YOUR GOAL =
Restate each line below word for word, skipping every picture.

RECORDS SHOWN =
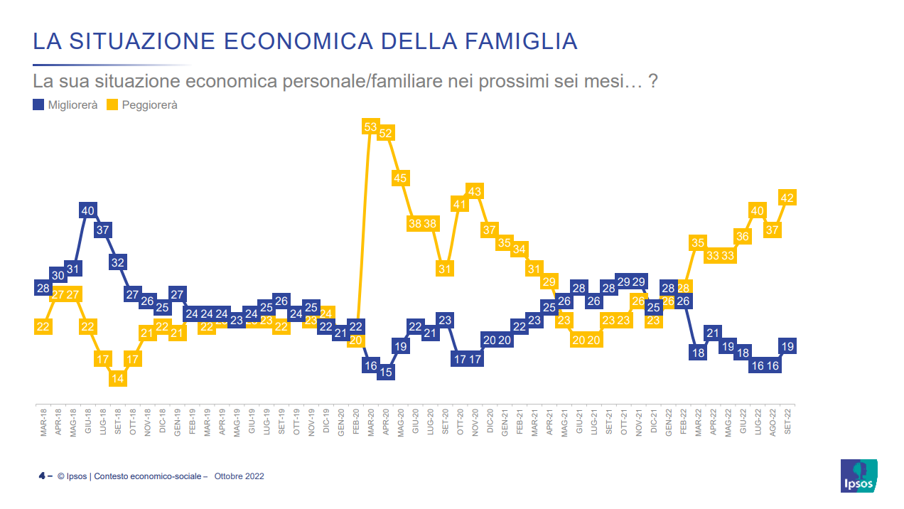 Tra i motivi di peggioramento, al primo posto si posizionano gli stipendi bassi (per il 55%, con una punta del 59% per i ceti medio-bassi), poi la precarizzazione del lavoro (49%), le tasse troppo elevate (42%), la corruzione (42%), Seguono, entrambe col 27%, l’incapacità dei partiti di difendere le persone economicamente più fragili e l’aumento del gap retributivo tra manager e lavoratori.
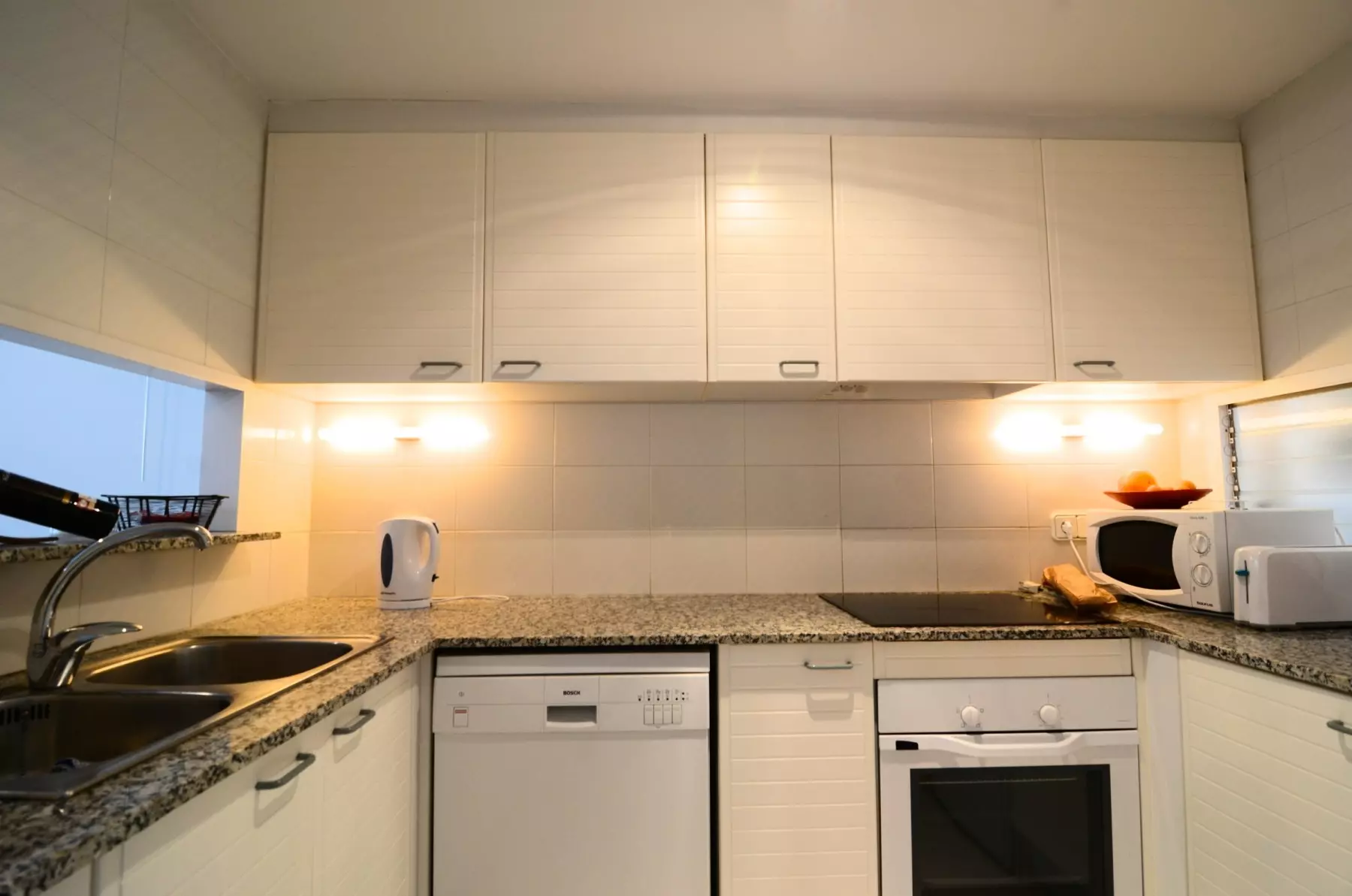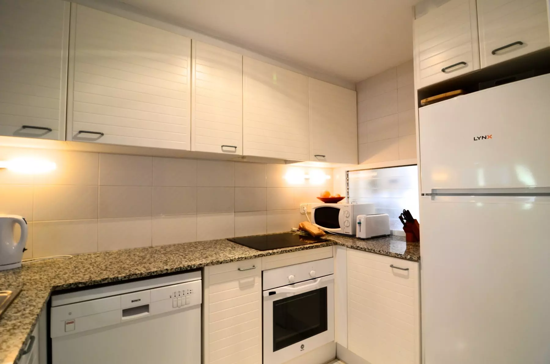 The independent kitchen, with vitroceramic hob, is equipped with refrigerator, microwave, oven, freezer, dishwasher, dishes/cutlery, kitchen utensils, coffee maker, toaster and kettle.
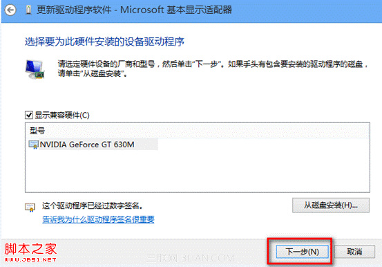 3. 從計算機的設備驅動程序列表中選取,下一步;
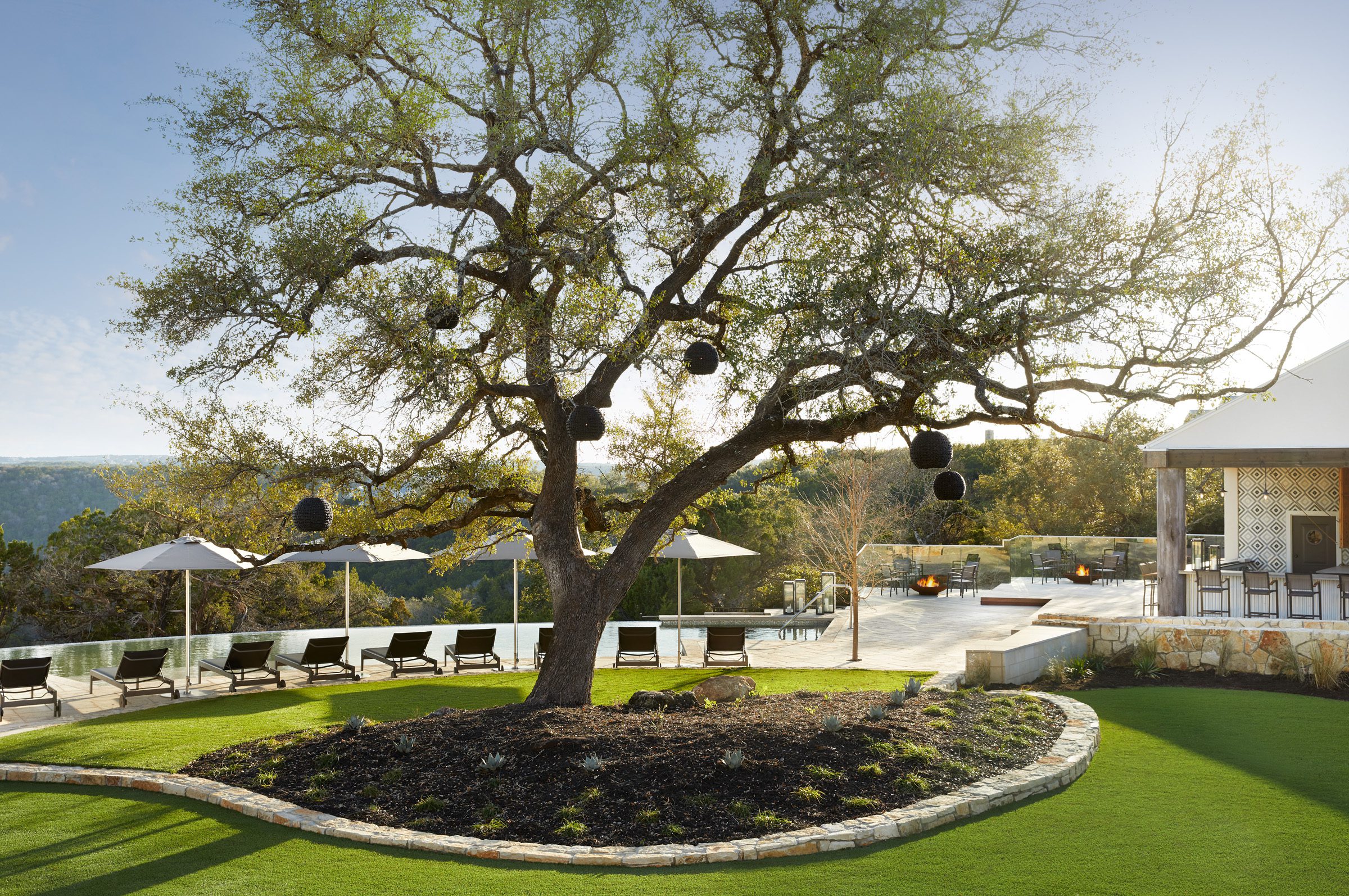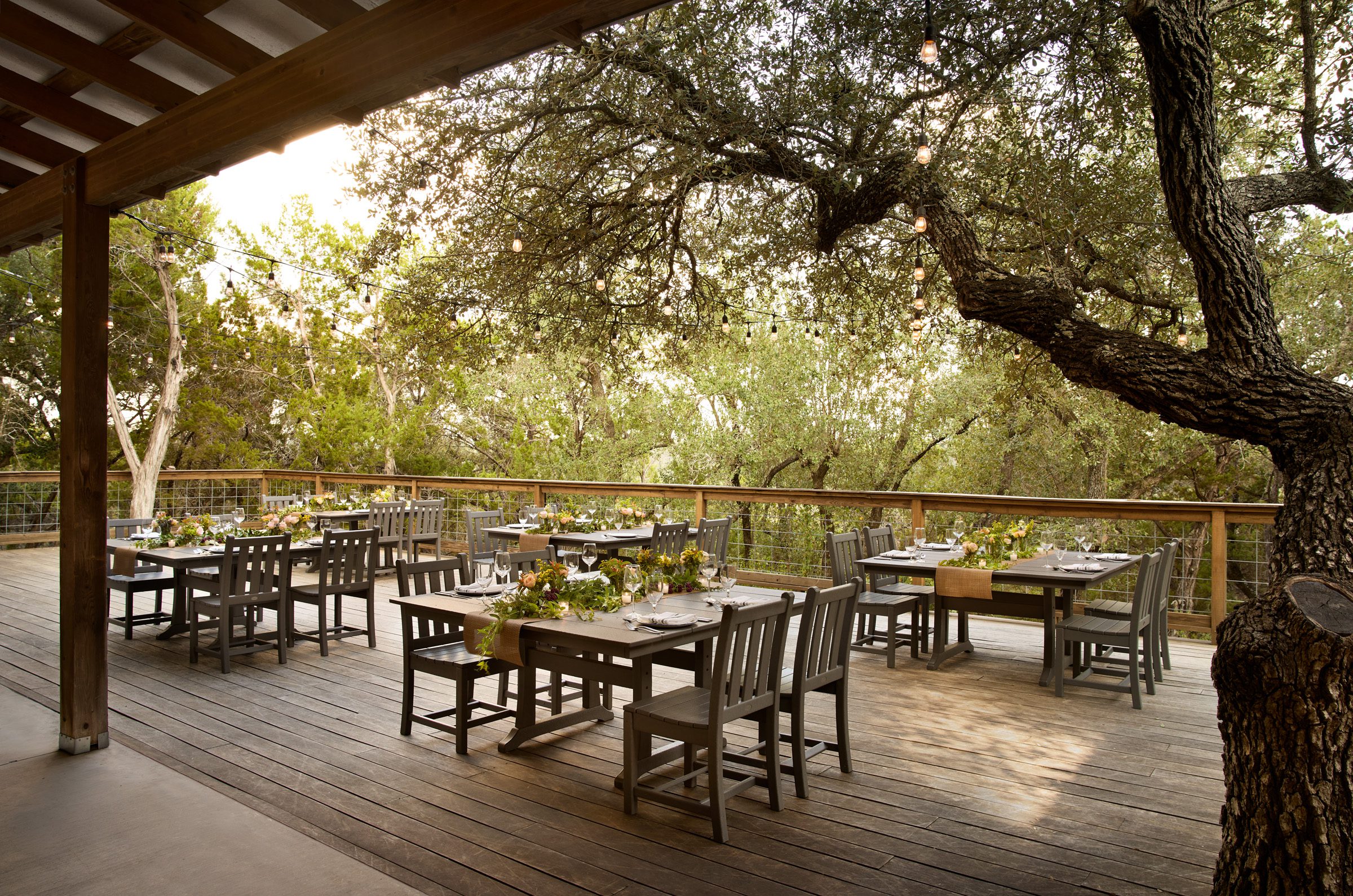 The Balcones Deck offers an inviting open-air setting, ideal for intimate dinners surrounded by the breathtaking beauty of the Balcones Canyonlands. Guests can savor every bite while being fully immersed in the serene sights and sounds of nature.
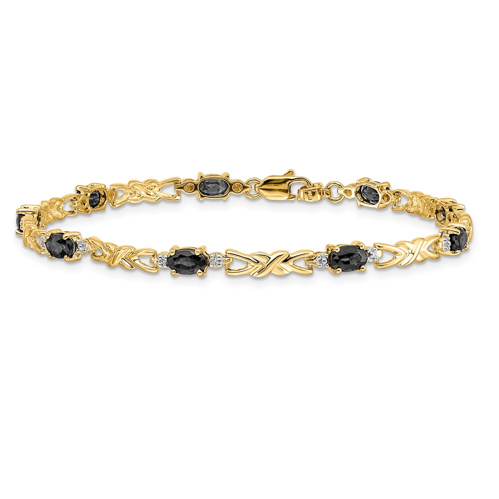 14k Complete Diamond and Oval Sapphire X-design 7.25 inch Bracelet

ANSWER SPACE =
 Tra i motivi di peggioramento, al primo posto si posizionano gli stipendi bassi (per il 55%, con una punta del 59% per i ceti medio-bassi), poi la precarizzazione del lavoro (49%), le tasse troppo elevate (42%), la corruzione (42%), Seguono, entrambe col 27%, l’incapacità dei partiti di difendere le persone economicamente più fragili e l’aumento del gap retributivo tra manager e lavoratori.
 The independent kitchen, with vitroceramic hob, is equipped with refrigerator, microwave, oven, freezer, dishwasher, dishes/cutlery, kitchen utensils, coffee maker, toaster and kettle.
 3. 從計算機的設備驅動程序列表中選取,下一步;
 The Balcones Deck offers an inviting open-air setting, ideal for intimate dinners surrounded by the breathtaking beauty of the Balcones Canyonlands. Guests can savor every bite while being fully immersed in the serene sights and sounds of nature.
 14k Complete Diamond and Oval Sapphire X-design 7.25 inch Bracelet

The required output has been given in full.